The Domesday Book example shares certain features with almost all the "horror stories" in that it involves (a) off-line content, (b) in little-used, proprietary formats, (c) published for a limited audience and (d) a long time ago. The market has moved on since these examples; the digital preservation community now focuses mostly on on-line content published in widely-used, mostly open formats for a wide audience. This is the content that, were it on paper, would be in library collections. It matches the Library of Congress collection practice, which is the "selection of best editions as authorized by copyright law. Best editions are generally considered to be works in their final state." By analogy with libraries' paper collections, the loss or unreadability of this content would severely impact our culture.
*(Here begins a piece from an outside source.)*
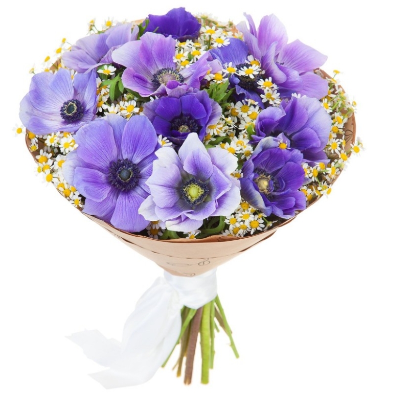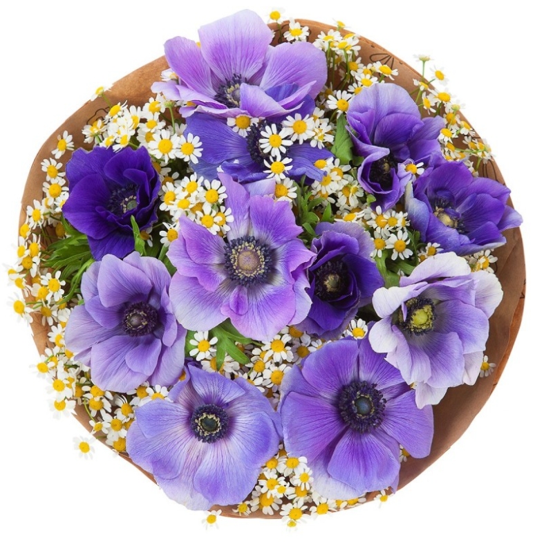Букет из анемонов и ромашек "Фортуна"

Mitigating these risks surely justifies significant investment.

How might this content be lost? Experience starting with the Library of Alexandria shows that the way to ensure that content survives is to distribute copies across a range of independent repositories. This was the way printed paper worked for hundreds of years, but the advent of the Web changed the ground rules. Now, readers gain temporary access to the original publisher's copy; there is no distribution of long-lived copies as a side-effect of providing access to the content. As we have seen with music, and as we are seeing with video, once this mechanism becomes established its superior economics rapidly supplant any distribution channel involving physical artefacts. Clearly, no matter how careful web publishers intend to be with their content the risk of loss is greater than with a proliferation of physical copies. Simply keeping the bits from being lost is the sine qua non of digital preservation, and its not as easy as people think (a subject of future posts).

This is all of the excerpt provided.